Central Oregonian
- Type: Twice-weekly newspaper
- Owner: Carpenter Media Group
- Founder: Horace Dillard
- Founded: 1881 (as Prineville News)
- Language: English
- Headquarters: Prineville, Oregon
- Circulation: 5,253 (as of 2022)
- Website: centraloregonian.com

= Central Oregonian =

Weekly newspaper published in Prineville, Oregon

The Central Oregonian is a twice-weekly newspaper published in Prineville in the U.S. state of Oregon. Tracing its roots to 1881, the paper covers Central Oregon where it is the newspaper of record for Crook County.

== History ==
The first newspaper published in Prineville was the Ochoco Pioneer, founded by John E. Jeffrey in 1880. The paper ceased after a few months. In 1881, Horace Dillard founded the Prineville News. He took in D. W. Aldridge as a business partner, who later became the editor and publisher. On Nov. 11, 1883, a fire destroyed the newspaper's office, causing $1,500 worth of damage to the News. Aldridge was editor and publisher until the role was given to Fred E. Wilmarth in 1893. Aldridge sold the paper in April 1894. It was later absorbed by the Ochoco Review, started in Prineville by Douthit & Barnes in June 1885. The paper from then on was known as the Prineville Review.

In November 1894, traveling printer-editor Bruce "Rocky Mountain" Smith, a notorious heavy-drinker, recruited school-teacher W. F. Magee to publish the Mitchell Monitor in Mitchell, Oregon. A. C. Palmer purchased the paper and printing plant around 1898 and moved it to Prineville, where he renamed the Monitor to the Crook County Journal. In 1901, Palmer sold the paper to W. T. Fogle, who sold a half interest to W. H. Parker. In 1903, the paper was owned by W. C. Black and S. M. Bailey.

J. N. Williamson was made manager of the combined Prineville Review paper that formed in 1894 and was succeeded by L. N. Liggett, who bought the publication. He sold it in July 1902 to William Holder, who in turn sold it to A. H. Kennedy in April 1904. Charles O. Pollard was editor and publisher of the Review in 1915, by then renamed back to the Prineville News. A. M. Byrd purchased the News in March 1917. He renamed it the following month to the Central Oregon Enterprise. Byrd sold the paper in 1920 to Floyd A. Fessler, who renamed it to the Prineville Call.

In 1915, Guy La Follette purchased the Crook County Journal from J. H. Gray. Six years later he merged the paper with Fessler's Prineville Call on July 14, 1921 to form the Central Oregonian. Fessler sold his stake the following month to George H. Flagg, who in turn sold his share to La Follette in January 1922. La Follette, with full ownership, sold the paper for the third time in eight months to Robert H. Jonas in April 1922. Jonas and his sons sold the Central Oregonian in 1939 to Remey M. Cox, who simultaneously purchased Crook County News from Steve Bailey and merged it into the paper.

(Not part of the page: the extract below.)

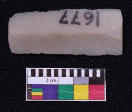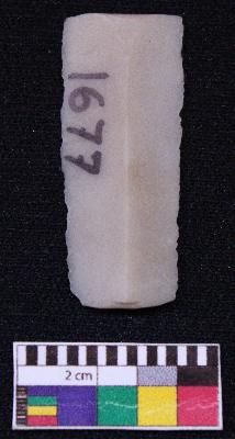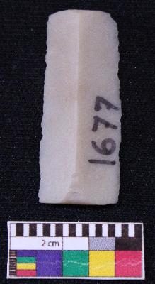 | Description / विवरण | Fragment of blade is having one end broken, retouched parallel sides, mid ridge on the top and triangular section. |
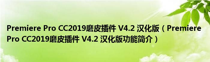 Premiere Pro CC2019磨皮插件 V4.2 汉化版(Premiere Pro CC2019磨皮插件 V4.2 汉化版功能简介)

Cox's widow sold the paper to L. R. Batman in 1952. Two years Batman sold the Central Oregonian to Monroe Sweetland, who then traded it to Edward A. Donnelly for his Milwaukie Review. Donnelly purchased the Tribune Publishing Company, a newspaper printing plant in Prineville, from Steve Bailey in 1959. After Donnelly's death in 1962, his family owned the Central Oregonian until selling it in September 1969 to Eagle Newspapers. Eagle owned the paper for 44 years until selling it to Pamplin Media Group in June 2013. In October 2018, the newspaper implemented a paywall on its website, under which users are permitted free access to three stories per calendar month, after which payment of per-story fee is required for non-subscribers. In 2024, Robert B. Pamplin Jr. sold his newspaper company to Carpenter Media Group.